Problem description —
Any image in the records is to be skipped; everything else should be reproduced exactly.

=-=-=

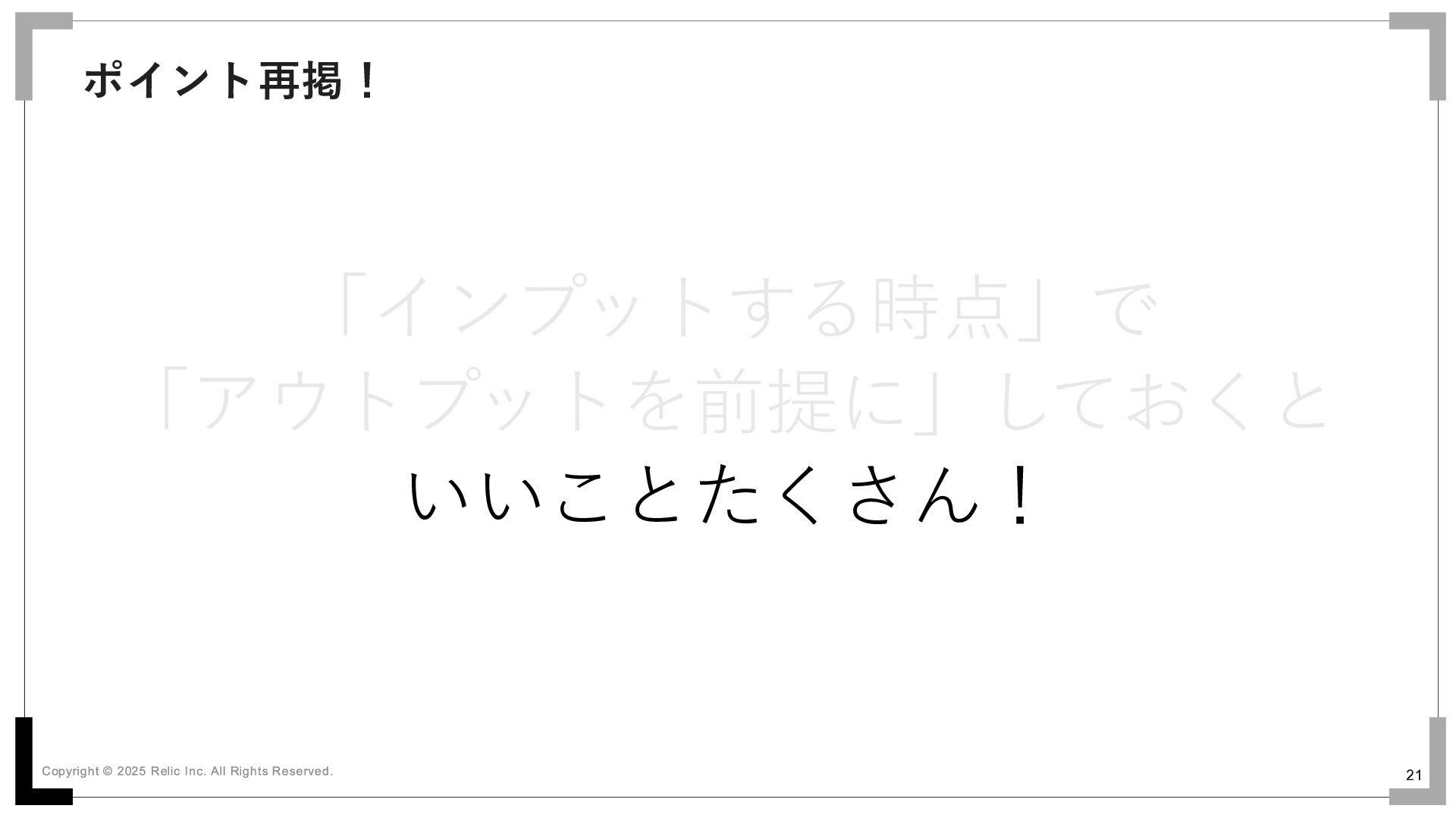 21 「インプットする時点」で 「アウトプットを前提に」しておくと いいことたくさん! ポイント再掲!
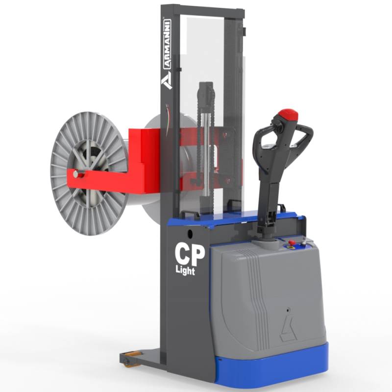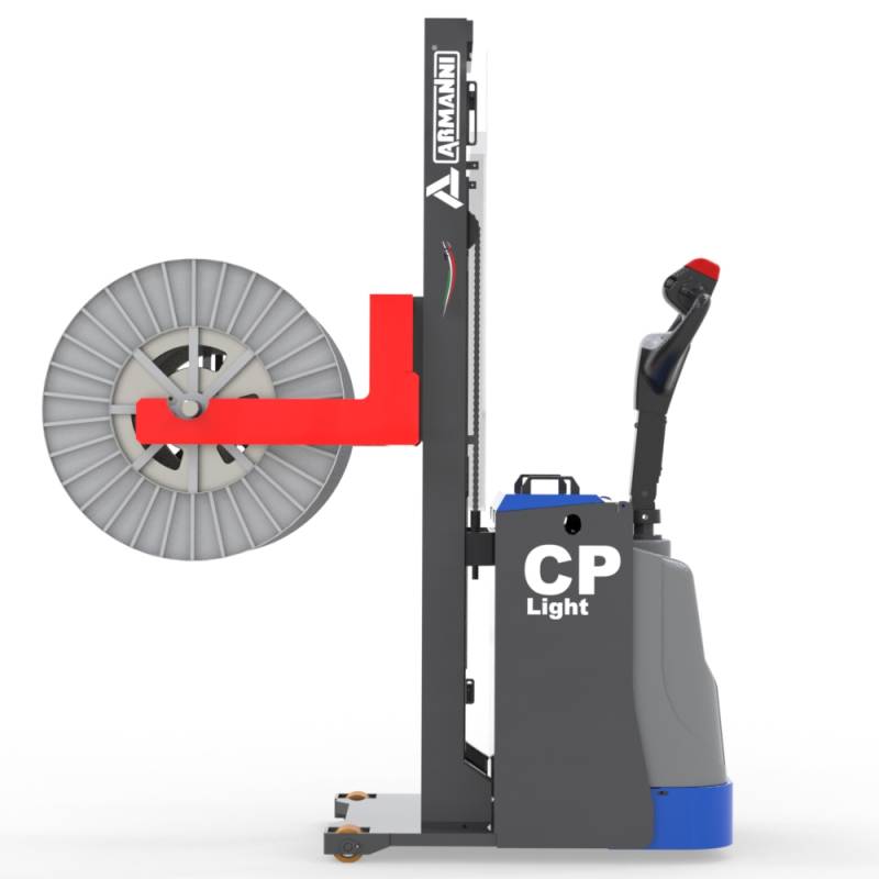 CP Light FS è un carrello full electric contrappesato ultracompatto con forche speciali sagomate a V (a sella), progettato per la presa di bobine tramite albero per il carico e scarico da macchinario. Le forche speciali a sella vengono realizzate su misura in base alla larghezza dell'albero e al diametro della bobina, rendendo di fatto CP Light FS un prodotto su misura per il carico da movimentare. Questa caratteristica contribuisce ad un miglioramento dell'efficienza, della produttività e delle condizioni di sicurezza per gli operatori.
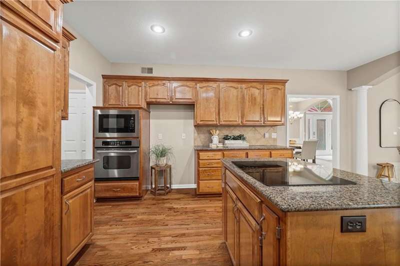 Multiple offers…Well cared for ONE OWNER HOME with new carpet, newer roof, updated HVAC and sellers added an oversized deck, vinyl fence, heated and cooled sunroom and mature landscaping. New full bath in the lower level, expand your square footage by finishing the full basement. South facing garage features a 4th car tandem garage perfect for all sorts of extra hobby's boat, motorcycles, shop, etc. Open concept great room and island kitchen with a very spacious walk-in pantry. Primary suite features two walk in closets, separate corner tub and shower, spacious laundry room on the bedroom level. Neighborhood features mature trees, highly rated Blue Springs Schools, lower Independence taxes and utilities, gated swimming pool. Move in ready home with so many extras!! Priced to sell...
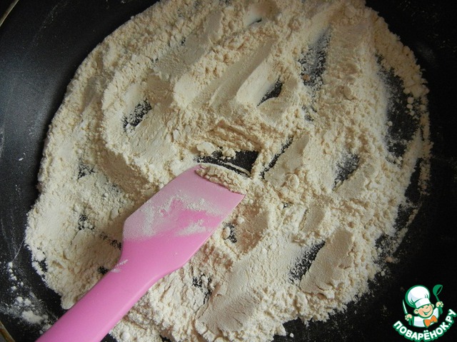 Муку обжариваем на сухой сковороде, постоянно помешивая, чтобы не подгорела. Жарим до тех пор, пока мука не приобретет приятный кремовый оттенок.
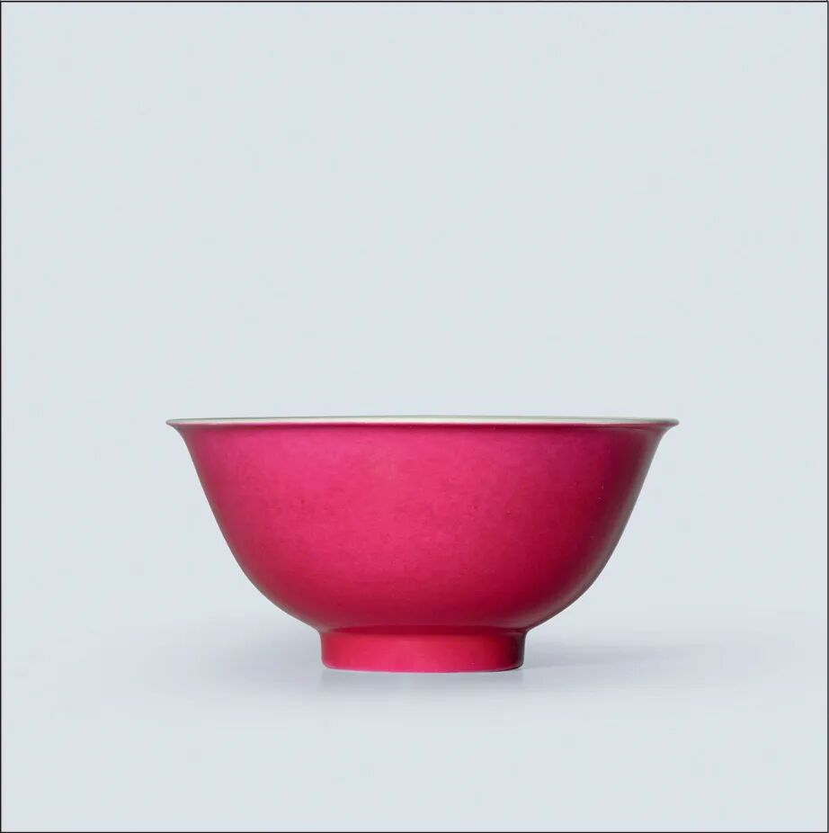 胭脂红釉料以金为呈色剂,由欧洲传入中国,清宫档案内皆称其为“西洋红”,又由于这种红釉颇如女子化妆用的胭脂之色,故又名“胭脂红”。雍正十三年(1735年)督陶官唐英所撰《陶成纪事》中记载当时岁例贡御的五十七种釉、彩瓷器中即有“西洋红色器皿”。胭脂红釉创烧于康熙末年,雍正、乾隆,乃至晚清各朝均有烧造,但其中尤以雍正作品质量最精。从传世品看,雍正朝胭脂红釉瓷器造型有瓶、罐、盘、碗、杯等,均胎体轻薄,玲珑隽秀,多数为内白釉,外胭脂红釉,其中有些如本品锥拱纹饰,或描绘粉彩花果,档次又高于其他同类作品。![]()
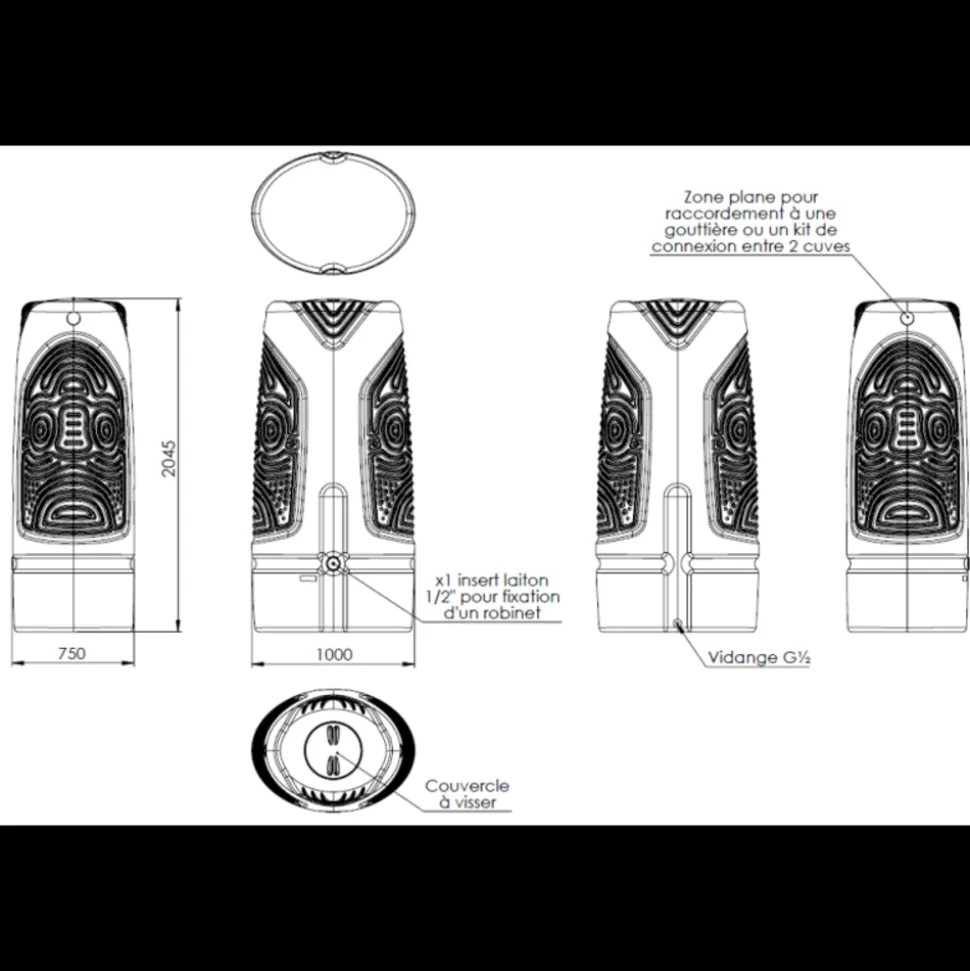 Une sculpture à exposer dans votre jardin ou sur votre terrasse pour enjoliver votre extérieur tout en récupérant l’eau de pluie !Le récupérateur d’eau de pluie ETHNO, en résine haute densité anti-UV, est résistant, anti-algues et facile à raccorder aux gouttières, offrant une solution durable et esthétique pour stocker l’eau de pluie. Il est également équipé d’un robinet en laiton inclus pour un usage pratique et efficace.
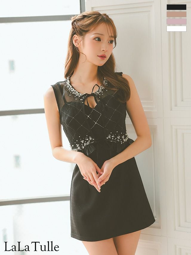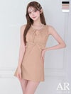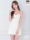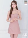 4. [Angel-R/エンジェルアール] 高級 ブランド Aラインミニドレス ノースリーブ 2way キャミソール チェック柄 谷間 バストカット フリルレース リボン ビジュー (れむ着用)
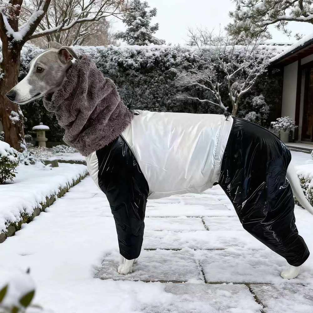 Winter 4-legged Thick Fur Collar Jacket for Italian Greyhound Windproof Waterproof Warm High-Neck Coat for Whippet Dogs
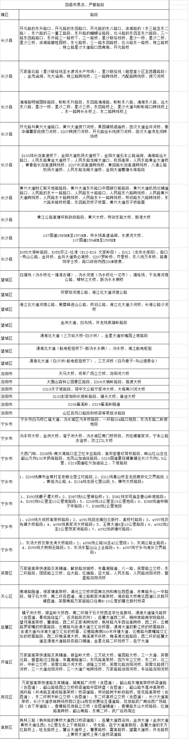 元旦假期,湖南面临一轮低温雨雪冰冻天气,气象部门发出橙色预警,常德、益阳、岳阳、湘西州、张家界、怀化、娄底、邵阳、长沙、湘潭、株洲、衡阳及永州北部、郴州北部将出现雨凇或积雪,且最低气温≤-2℃。长沙交警提醒:
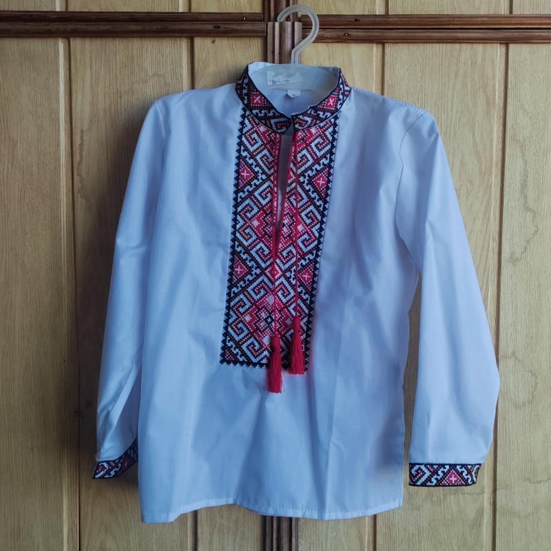 Біла вишиванка з червоними китицями на хлопчика , довжина рукавів 41 см, у плечах 30 см, довжина самої сорочки 48-50 см, дефектів немає, не носилась жодного разу.
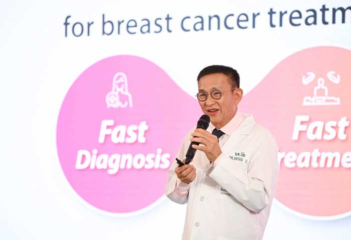 “ทั้งนี้ ผู้หญิงทุกคนที่อายุมากกว่า 40 ปี ควรตรวจเต้านมเป็นประจำทุกปี และปรึกษาแพทย์เพื่อรับการตรวจคัดกรองมะเร็งเต้านม เพราะการศึกษาพบว่ามะเร็งเต้านมจะมีอุบัติการณ์ที่เพิ่มมากขึ้นในผู้หญิงที่อายุมากกว่า 40 ปี ดังนั้น หากยิ่งมาตรวจได้เร็ว ก็จะรักษาได้ง่ายและมีโอกาสหายได้มากยิ่งขึ้น” รศ. นพ. วิชัย วาสนสิริ หัวหน้าศูนย์เต้านม โรงพยาบาลบำรุงราษฎร์ กล่าวทิ้งท้าย
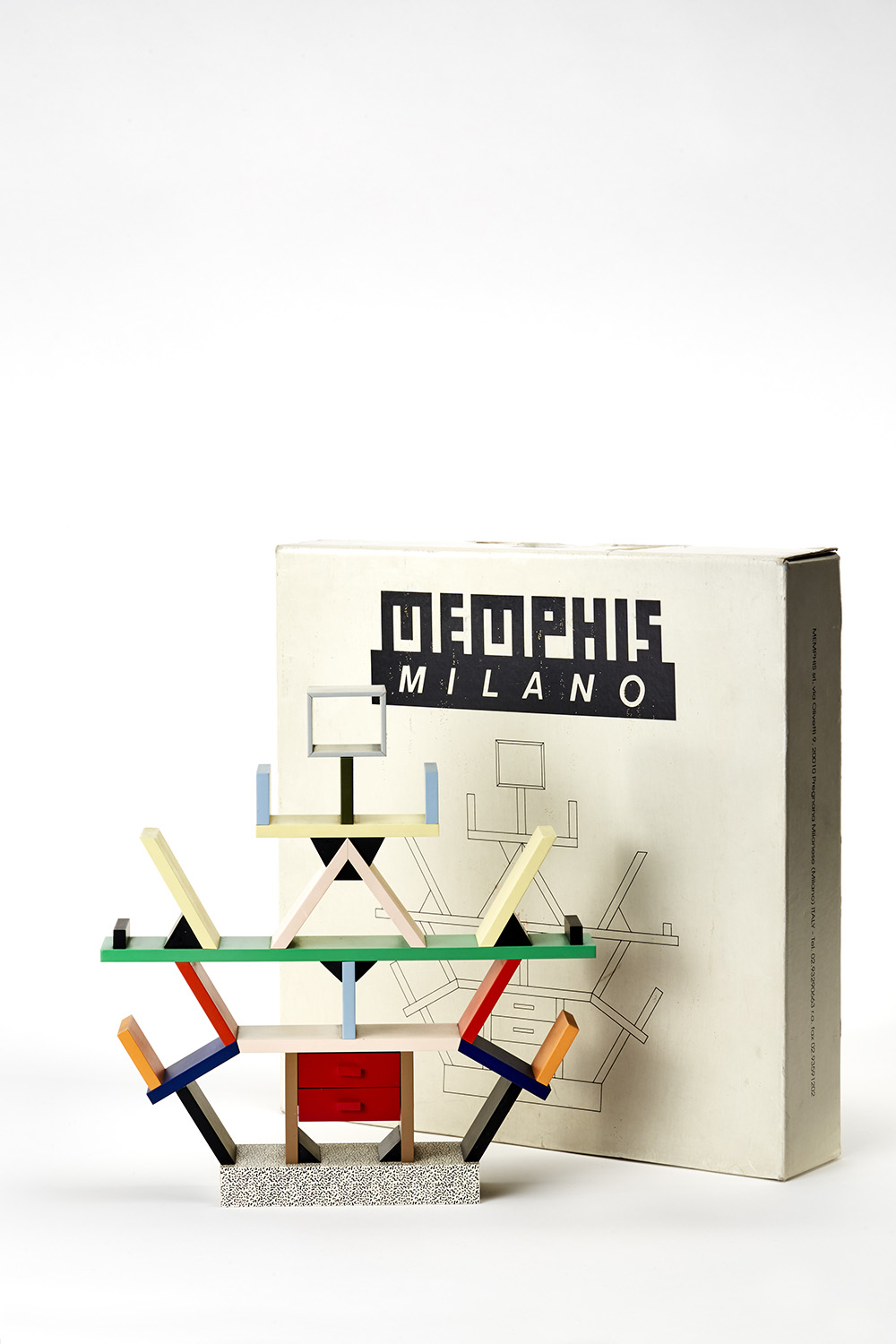Modello in scala 1:6 del mobile divisorio "Carlton". Memphis, Milano, 1981. Legno laccato, laminato. Multiplo 173/500. Firmato a pennarello "E. Sottsass" e numerato sotto la base. In scatola originale. (cm 32x33x5)
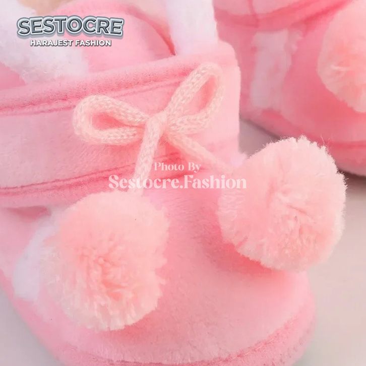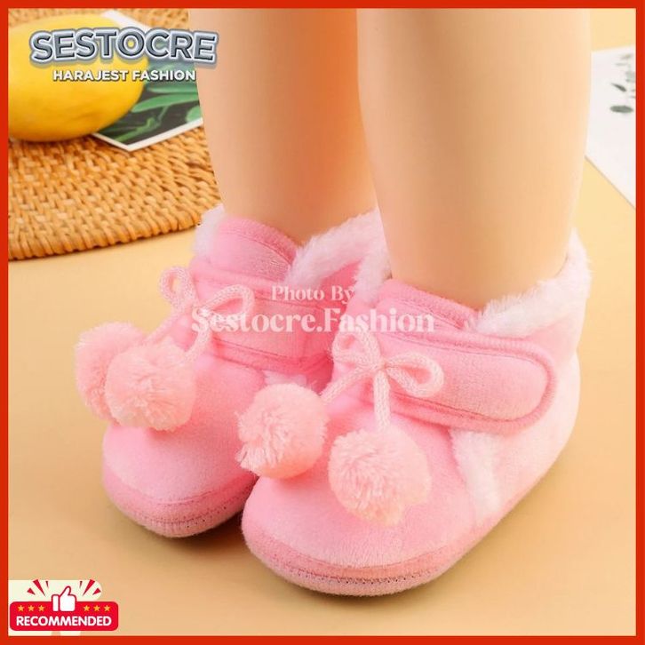 Sepatu Bayi Perempuan Boots Hairball Cute 0 3 6 9 12 Bulan Baby Shoes Prewalker New Born Nyaman SoftSole Anti Slip Desig
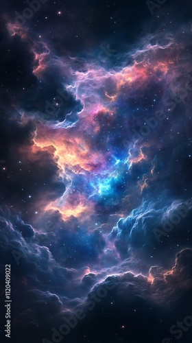 © LEMAT WORKS, Obraz premium Ethereal Nebula with Soft Blue and Fiery Tones - made with Generative AI
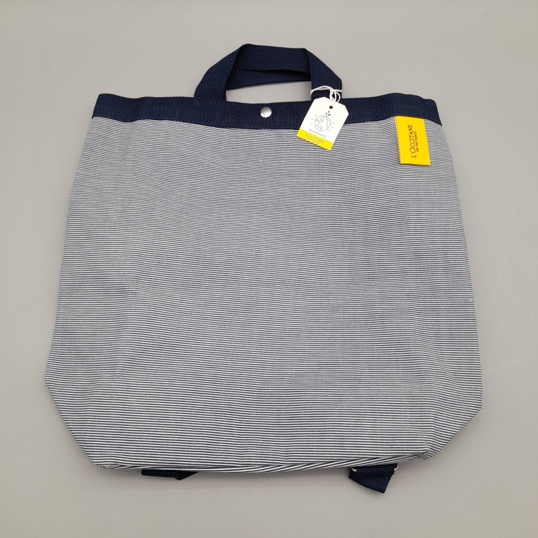 L'Occitane En Provence Tote Bag Blue White Striped Backpack Button

=-=-=

Output for this task —
 21 「インプットする時点」で 「アウトプットを前提に」しておくと いいことたくさん! ポイント再掲!
 CP Light FS è un carrello full electric contrappesato ultracompatto con forche speciali sagomate a V (a sella), progettato per la presa di bobine tramite albero per il carico e scarico da macchinario. Le forche speciali a sella vengono realizzate su misura in base alla larghezza dell'albero e al diametro della bobina, rendendo di fatto CP Light FS un prodotto su misura per il carico da movimentare. Questa caratteristica contribuisce ad un miglioramento dell'efficienza, della produttività e delle condizioni di sicurezza per gli operatori.
 Multiple offers…Well cared for ONE OWNER HOME with new carpet, newer roof, updated HVAC and sellers added an oversized deck, vinyl fence, heated and cooled sunroom and mature landscaping. New full bath in the lower level, expand your square footage by finishing the full basement. South facing garage features a 4th car tandem garage perfect for all sorts of extra hobby's boat, motorcycles, shop, etc. Open concept great room and island kitchen with a very spacious walk-in pantry. Primary suite features two walk in closets, separate corner tub and shower, spacious laundry room on the bedroom level. Neighborhood features mature trees, highly rated Blue Springs Schools, lower Independence taxes and utilities, gated swimming pool. Move in ready home with so many extras!! Priced to sell...
 Муку обжариваем на сухой сковороде, постоянно помешивая, чтобы не подгорела. Жарим до тех пор, пока мука не приобретет приятный кремовый оттенок.
 胭脂红釉料以金为呈色剂,由欧洲传入中国,清宫档案内皆称其为“西洋红”,又由于这种红釉颇如女子化妆用的胭脂之色,故又名“胭脂红”。雍正十三年(1735年)督陶官唐英所撰《陶成纪事》中记载当时岁例贡御的五十七种釉、彩瓷器中即有“西洋红色器皿”。胭脂红釉创烧于康熙末年,雍正、乾隆,乃至晚清各朝均有烧造,但其中尤以雍正作品质量最精。从传世品看,雍正朝胭脂红釉瓷器造型有瓶、罐、盘、碗、杯等,均胎体轻薄,玲珑隽秀,多数为内白釉,外胭脂红釉,其中有些如本品锥拱纹饰,或描绘粉彩花果,档次又高于其他同类作品。![]()
 Une sculpture à exposer dans votre jardin ou sur votre terrasse pour enjoliver votre extérieur tout en récupérant l’eau de pluie !Le récupérateur d’eau de pluie ETHNO, en résine haute densité anti-UV, est résistant, anti-algues et facile à raccorder aux gouttières, offrant une solution durable et esthétique pour stocker l’eau de pluie. Il est également équipé d’un robinet en laiton inclus pour un usage pratique et efficace.
 4. [Angel-R/エンジェルアール] 高級 ブランド Aラインミニドレス ノースリーブ 2way キャミソール チェック柄 谷間 バストカット フリルレース リボン ビジュー (れむ着用)
 Winter 4-legged Thick Fur Collar Jacket for Italian Greyhound Windproof Waterproof Warm High-Neck Coat for Whippet Dogs
 元旦假期,湖南面临一轮低温雨雪冰冻天气,气象部门发出橙色预警,常德、益阳、岳阳、湘西州、张家界、怀化、娄底、邵阳、长沙、湘潭、株洲、衡阳及永州北部、郴州北部将出现雨凇或积雪,且最低气温≤-2℃。长沙交警提醒:
 Біла вишиванка з червоними китицями на хлопчика , довжина рукавів 41 см, у плечах 30 см, довжина самої сорочки 48-50 см, дефектів немає, не носилась жодного разу.
 “ทั้งนี้ ผู้หญิงทุกคนที่อายุมากกว่า 40 ปี ควรตรวจเต้านมเป็นประจำทุกปี และปรึกษาแพทย์เพื่อรับการตรวจคัดกรองมะเร็งเต้านม เพราะการศึกษาพบว่ามะเร็งเต้านมจะมีอุบัติการณ์ที่เพิ่มมากขึ้นในผู้หญิงที่อายุมากกว่า 40 ปี ดังนั้น หากยิ่งมาตรวจได้เร็ว ก็จะรักษาได้ง่ายและมีโอกาสหายได้มากยิ่งขึ้น” รศ. นพ. วิชัย วาสนสิริ หัวหน้าศูนย์เต้านม โรงพยาบาลบำรุงราษฎร์ กล่าวทิ้งท้าย
Modello in scala 1:6 del mobile divisorio "Carlton". Memphis, Milano, 1981. Legno laccato, laminato. Multiplo 173/500. Firmato a pennarello "E. Sottsass" e numerato sotto la base. In scatola originale. (cm 32x33x5)
 Sepatu Bayi Perempuan Boots Hairball Cute 0 3 6 9 12 Bulan Baby Shoes Prewalker New Born Nyaman SoftSole Anti Slip Desig
 © LEMAT WORKS, Obraz premium Ethereal Nebula with Soft Blue and Fiery Tones - made with Generative AI
 L'Occitane En Provence Tote Bag Blue White Striped Backpack Button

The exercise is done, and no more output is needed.